▶ **Goal of the exercise**: Write out the listing verbatim. No pictures belong in it.

▶ **Data**:
* * * * *
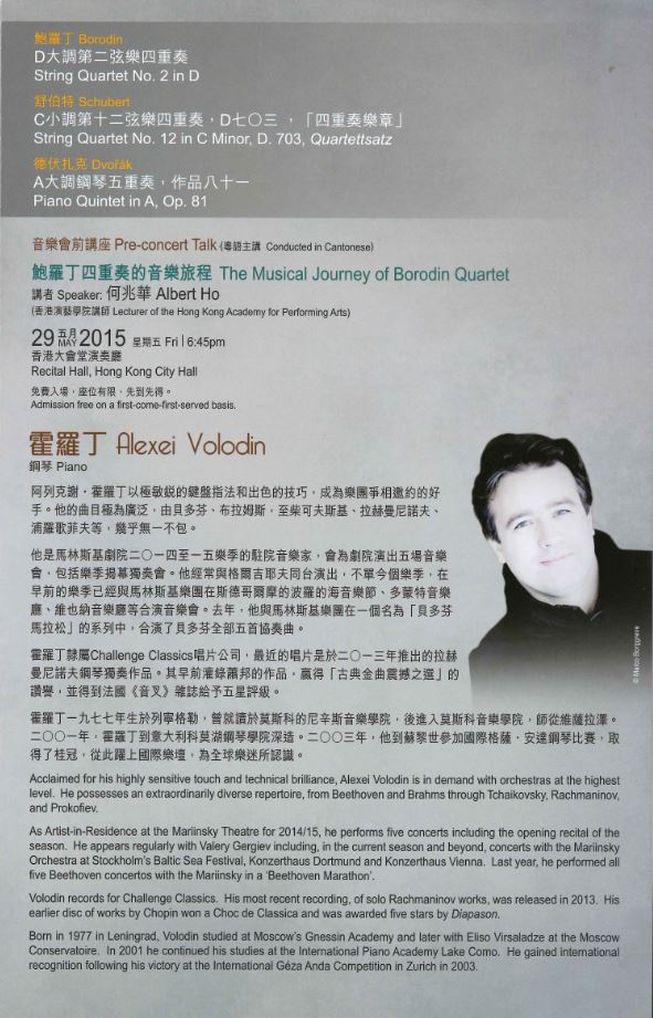 在這場慶祝七十周年的音樂會,四重奏將演出他們因而命名的鮑羅丁《D大調第二弦樂四重奏》,與及舒伯特的《C小調第十二弦樂四重奏》單樂章。音樂會更帶來德伏扎克最受歡迎的《A大調鋼琴五重奏》作結。
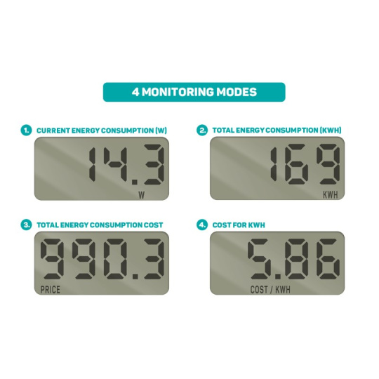 Měřič spotřeby elektrické energie dokáže vypočítat odpovídající finanční náklady a odhalit, který spotřebič odebírá nejvíce elektrické energie a jeho provoz je tedy nejnákladnější. Mezi další funkce měřiče patří měření okamžitého odebíraného výkonu. Tyto informace Vám mohou přispět ke snížení nákladů za elektrickou energii.
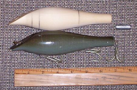 (Long distance casting deep swimming plug which is very effective with eel skin drawn over plug for night surf casting, or without eel skin for day-time casting)
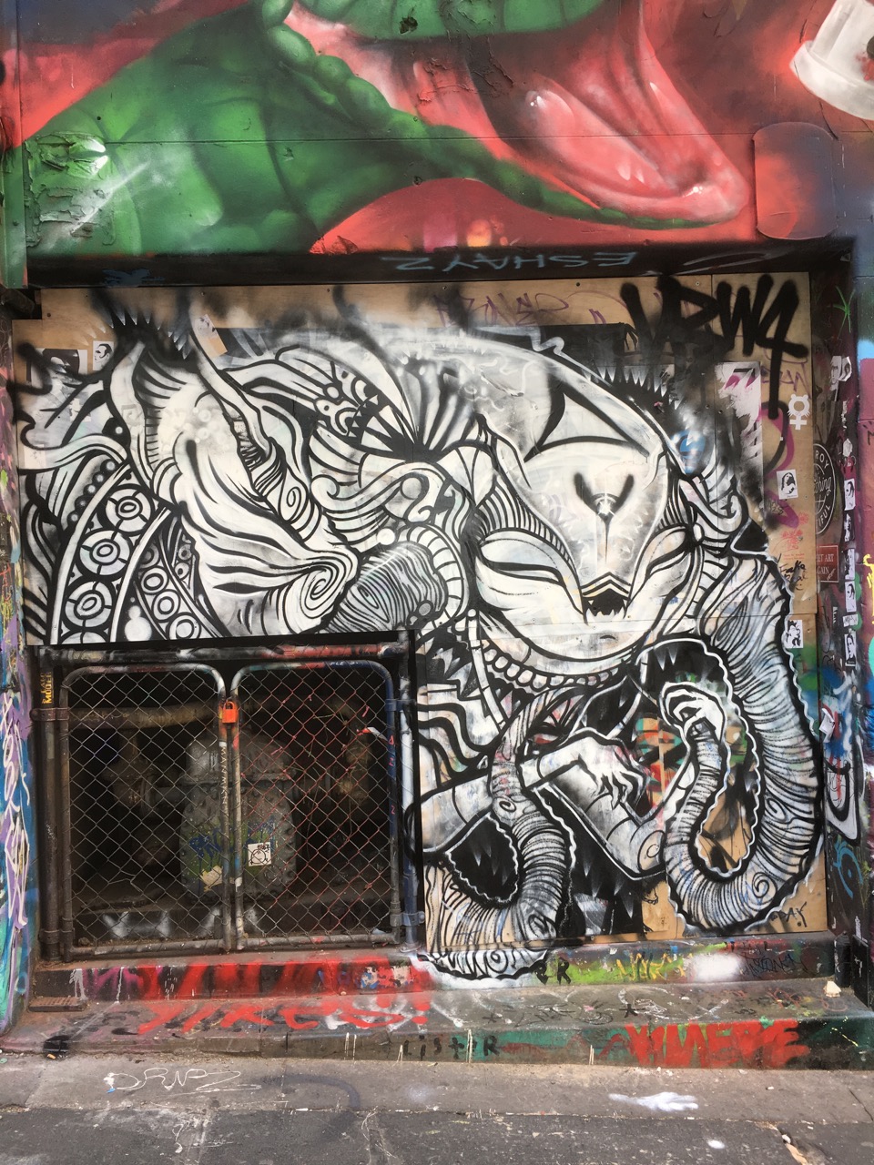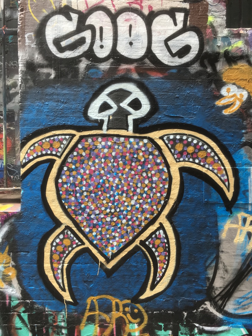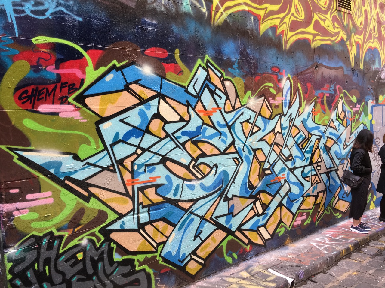 Another great street art laneway, Flinders Crt is located near the Elizabeth St entrance of Flinders St Train Station. It has some large interesting pieces with vivid colours. A recent council project has seen the whole laneway repainted by local artists. Talking to one of the organisers, it is part of an initiative to keep the laneways active and a vibrant part of the visitors experience  – it also has an interesting byproduct of keeping the less desirable aspects (alcohol and drugs abuse culture) of a large city minimised.
* * * * *
▶ **Exercise result**:
 在這場慶祝七十周年的音樂會,四重奏將演出他們因而命名的鮑羅丁《D大調第二弦樂四重奏》,與及舒伯特的《C小調第十二弦樂四重奏》單樂章。音樂會更帶來德伏扎克最受歡迎的《A大調鋼琴五重奏》作結。
 Měřič spotřeby elektrické energie dokáže vypočítat odpovídající finanční náklady a odhalit, který spotřebič odebírá nejvíce elektrické energie a jeho provoz je tedy nejnákladnější. Mezi další funkce měřiče patří měření okamžitého odebíraného výkonu. Tyto informace Vám mohou přispět ke snížení nákladů za elektrickou energii.
 (Long distance casting deep swimming plug which is very effective with eel skin drawn over plug for night surf casting, or without eel skin for day-time casting)
 Another great street art laneway, Flinders Crt is located near the Elizabeth St entrance of Flinders St Train Station. It has some large interesting pieces with vivid colours. A recent council project has seen the whole laneway repainted by local artists. Talking to one of the organisers, it is part of an initiative to keep the laneways active and a vibrant part of the visitors experience  – it also has an interesting byproduct of keeping the less desirable aspects (alcohol and drugs abuse culture) of a large city minimised.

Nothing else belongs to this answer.